**WHAT THE TASK ASKS**
From the first line of the entries below through the line bearing "루시드폴은 10일 전", write out each line exactly. Omit pictures.

**DATA EXTRACT**

####################

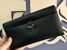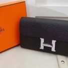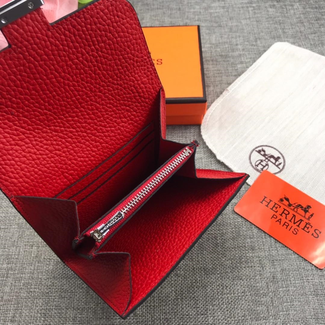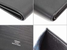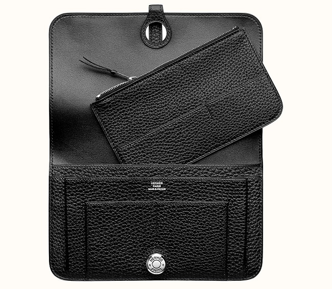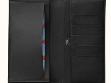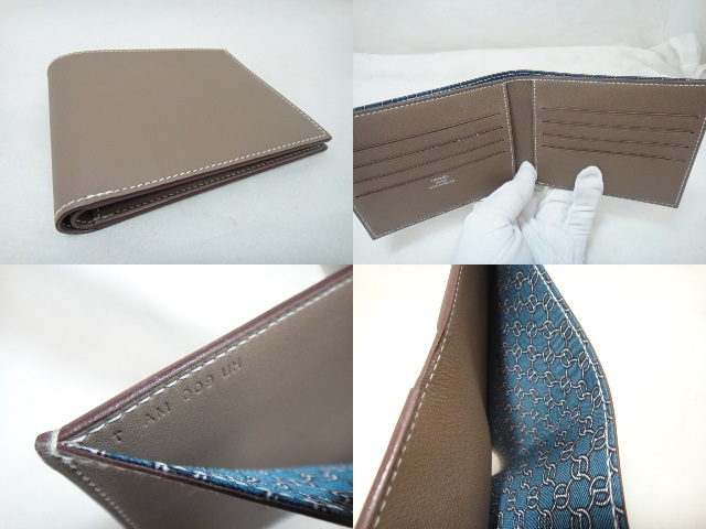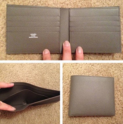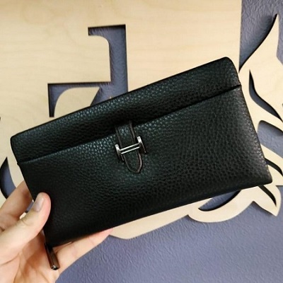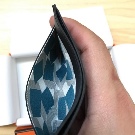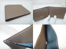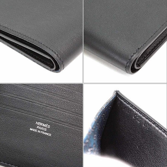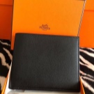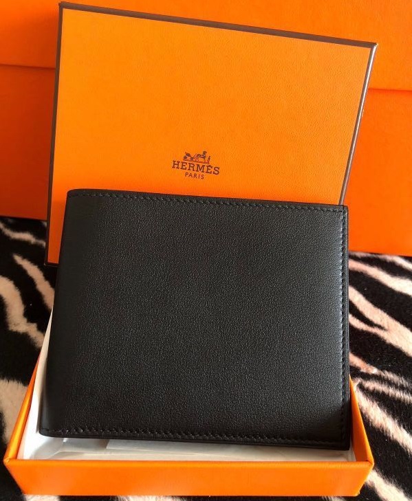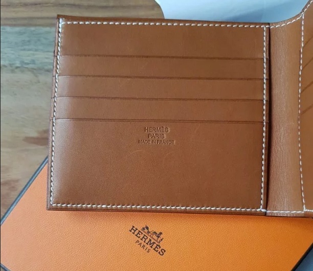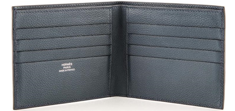 يوجد نوعان من المشبك للمنتجات الأصلية: الحرف H أو زر معدني مستدير عليه اسم علامة تجارية محفور. جلد المحفظة ناعم للغاية ولطيف ، ومن السهل الضغط عليه والعودة بسرعة إلى مظهره الأصلي دون ترك أي خدوش. تقدم Hermes محافظ رجالية أحادية اللون حصريًا ، بدون ملاحق ملونة.
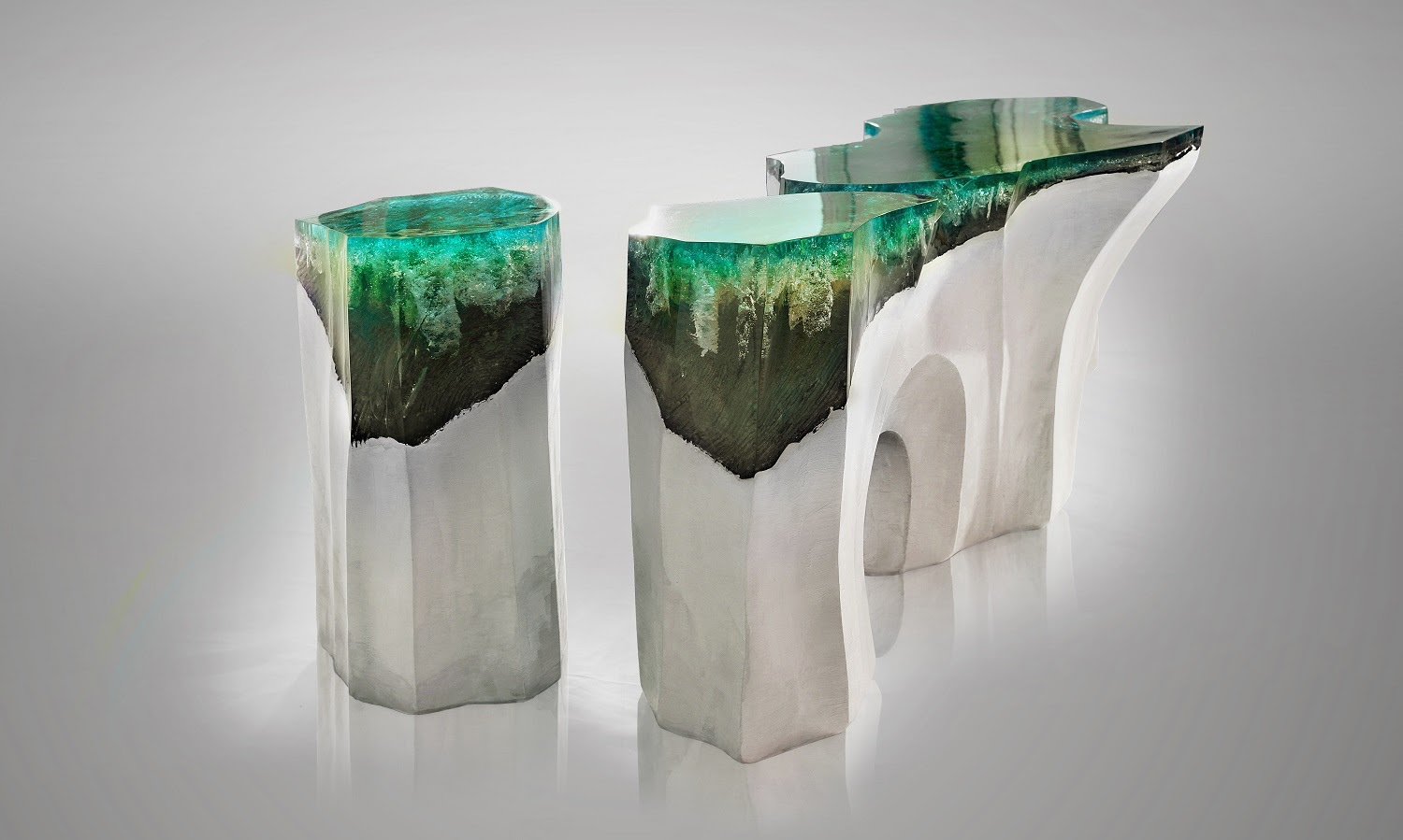This piece is a more vertical design, resembling a mountain lake or cliff (which makes sense, considering “La Falaise” is French for “The Cliff”). Inspiration came to him after walking the Failaise d’Etretat of France’s Northern Coast, seeing the beauty and contrast of the landscape. All of the components were cut from a single block of Jesmonite before having the top portions painted with various volumes and shades of acrylic paint. Depending on the light conditions, the benches and table emit different color hues. It’s also pretty handy that the benches are made to fit into the edges of the side table like a jigsaw puzzle. Eduard tells us that this is…
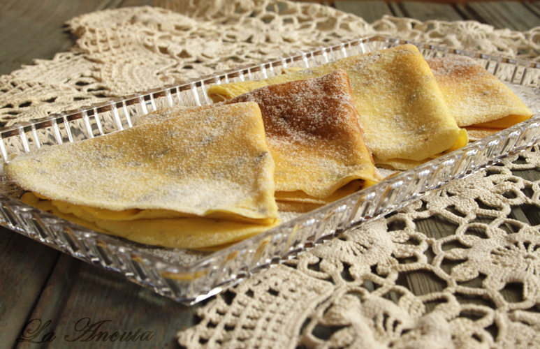 Scoatem clatitele pe o farfurie si le impaturim in 4. Pudram cu zahar si servim cat sunt inca calde.
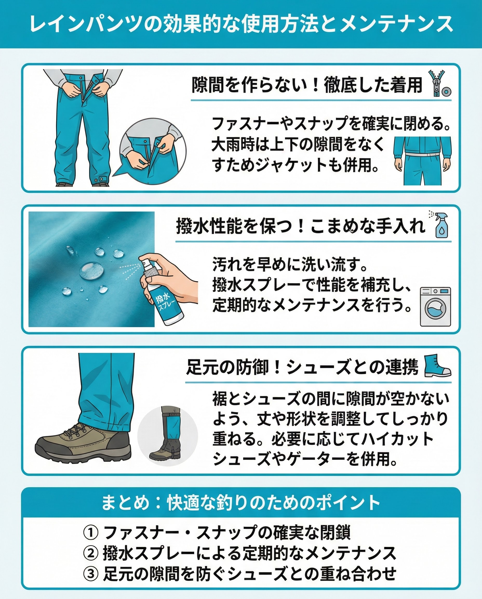 レインパンツは使っているうちに汚れが蓄積し、撥水性が弱まってしまいます。特に裾やヒザ周りなど擦れる部分は汚れが落ちにくいため、帰宅後は早めに洗い流しましょう。撥水スプレーを適宜補充してやると、水玉をしっかり弾く状態が長く続きます。防水性を最大限キープすれば急な雨でも安心して釣りに集中できるので、定期的なメンテナンスを行うことが大切です。
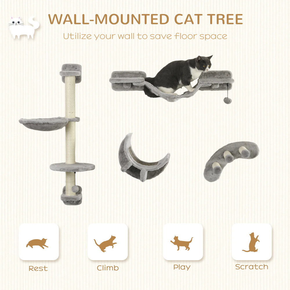 PawHut Four-Piece Cat Wall Furniture, with Hammock, Ladder, Platforms, Steps, for Indoor Use - Grey
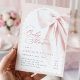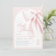 Invitación elegante para la fiesta de bebé con lazo rosa. Esta invitación elegante cuenta con un encantador lazo rosa suave y una escritura a mano romántica, perfecta para una caprichosa fiesta de bebé niña. La cinta elegante y el diseño clásico añaden un toque de sofisticación, mientras que la plantilla editable permite una fácil personalización. Crea una invitación hermosa y memorable para tu evento especial.
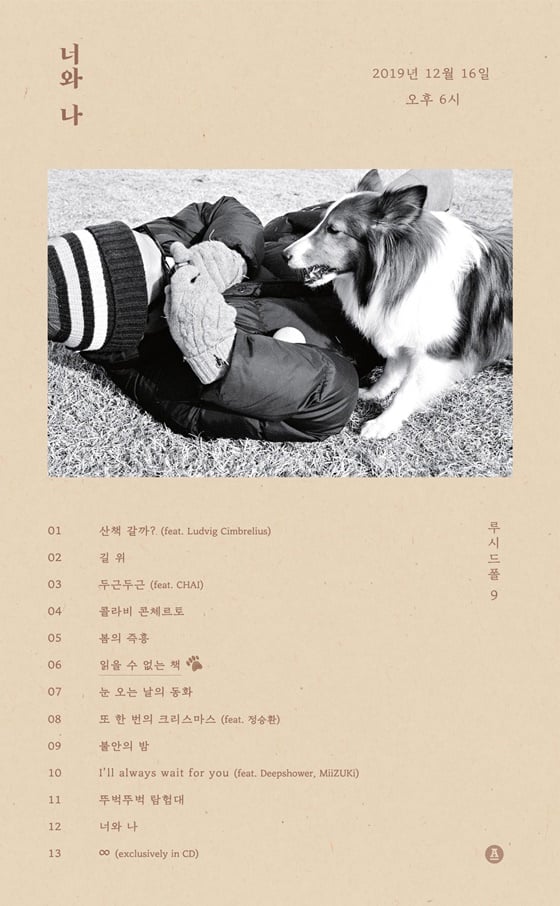 루시드폴은 10일 전 온라인 서적 판매 사이트를 통해서 정규 9집 음반이자 책인 '너와 나'의 예약판매를 시작하고, 총 13트랙의 트랙리스트를 공개했다.
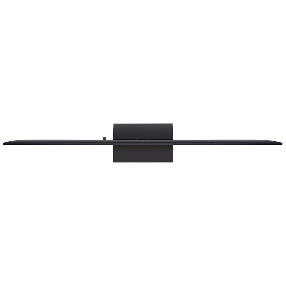 تلویزیون 65 اینچ ال جی UT9100 طراحی ساده ای دارد و مانند مدل سال گذشته خود از زبان طراحی 3 Sided Cinema Screen برخوردار است. زبان طراحی مذکور در واقع به باریک بودن قاب 3 طرف صفحه نمایش این تلویزیون نسبت به قاب پایینی صفحه نمایش آن اشاره دارد. باریک بودن قاب اطراف صفحه نمایش باعث می شود تا شما هنگام تماشای تلویزیون روی محتوای در حال پخش تمرکز کرده و از تماشای آن لذت بیشتری ببرید. به لطف نور پس زمینه Edge LED به کار رفته در این محصول، ضخامت کلی آن تنها 2.97 سانتی متر است که برای یک تلویزیون پایین رده 65 اینچ عالی است. این تلویزیون قابلیت نصب روی دیوار دارد و شما با خرید یک پایه یا براکت دیواری مناسب، می توانید آن را به راحتی روی دیوار نصب کنید. پایه این تلویزیون به شکل خطی است و در قسمت میانی تلویزیون نصب می شود و طراحی خاص خود را دارد. این پایه از دو قسمت تشکیل شده است که ابتدا توسط پیچ روی هم سوار شده و سپس می توانید آن را به پشت تلویزیون پیچ کنید. این پایه ابعاد کوچکی دارد و فضای کمی را اشغال می کند به همین دلیل برای نصب آن روی میز، به میز بزرگی احتیاج نخواهید داشت. پایه این تلویزیون برخلاف برخی سایزهای کوچک تر آن در 2 حالت مختلف قابل تنظیم است و شما می توانید با توجه به نیاز خود آن را نصب نمایید؛ در حالت اول یعنی حالت استاندارد و عادی، ارتفاع تلویزیون نسبت به میز 2.9 سانتی متر است اما اگر بخواهید ساندبار خود را جلوی تلویزیون نصب کنید، می توانید پایه را در حالت دوم یعنی حالت ساندبار تنظیم کنید؛ در این حالت ارتفاع تلویزیون تا سطح میز 6.9 سانتی متر می باشد که برای نصب اکثر ساندبارهای موجود در بازار کاملا مناسب است. پشت پایه تلویزیون محلی برای عبور کابل های متصل به تلویزیون وجود دارد که می توانید به کمک آن کابل ها را مرتب و منظم نمایید. علاوه بر آن ال جی یک کاور پلاستیکی داخل جعبه این تلویزیون قرار داده است که مخصوص پشت پایه است و کابل های عبور داده شده از پشت پایه را مخفی می کند. همینطور داخل جعبه این تلویزیون دو عدد گیره مدیریت کابل و یک عدد گیره مخصوص کابل برق نیز قرار دارد که می توانید به کمک آنها کابل ها را پشت تلویزیون مرتب و منظم نمایید.

####################

**RESPONSE BOX**
 يوجد نوعان من المشبك للمنتجات الأصلية: الحرف H أو زر معدني مستدير عليه اسم علامة تجارية محفور. جلد المحفظة ناعم للغاية ولطيف ، ومن السهل الضغط عليه والعودة بسرعة إلى مظهره الأصلي دون ترك أي خدوش. تقدم Hermes محافظ رجالية أحادية اللون حصريًا ، بدون ملاحق ملونة.
This piece is a more vertical design, resembling a mountain lake or cliff (which makes sense, considering “La Falaise” is French for “The Cliff”). Inspiration came to him after walking the Failaise d’Etretat of France’s Northern Coast, seeing the beauty and contrast of the landscape. All of the components were cut from a single block of Jesmonite before having the top portions painted with various volumes and shades of acrylic paint. Depending on the light conditions, the benches and table emit different color hues. It’s also pretty handy that the benches are made to fit into the edges of the side table like a jigsaw puzzle. Eduard tells us that this is…
 Scoatem clatitele pe o farfurie si le impaturim in 4. Pudram cu zahar si servim cat sunt inca calde.
 レインパンツは使っているうちに汚れが蓄積し、撥水性が弱まってしまいます。特に裾やヒザ周りなど擦れる部分は汚れが落ちにくいため、帰宅後は早めに洗い流しましょう。撥水スプレーを適宜補充してやると、水玉をしっかり弾く状態が長く続きます。防水性を最大限キープすれば急な雨でも安心して釣りに集中できるので、定期的なメンテナンスを行うことが大切です。
 PawHut Four-Piece Cat Wall Furniture, with Hammock, Ladder, Platforms, Steps, for Indoor Use - Grey
 Invitación elegante para la fiesta de bebé con lazo rosa. Esta invitación elegante cuenta con un encantador lazo rosa suave y una escritura a mano romántica, perfecta para una caprichosa fiesta de bebé niña. La cinta elegante y el diseño clásico añaden un toque de sofisticación, mientras que la plantilla editable permite una fácil personalización. Crea una invitación hermosa y memorable para tu evento especial.
 루시드폴은 10일 전 온라인 서적 판매 사이트를 통해서 정규 9집 음반이자 책인 '너와 나'의 예약판매를 시작하고, 총 13트랙의 트랙리스트를 공개했다.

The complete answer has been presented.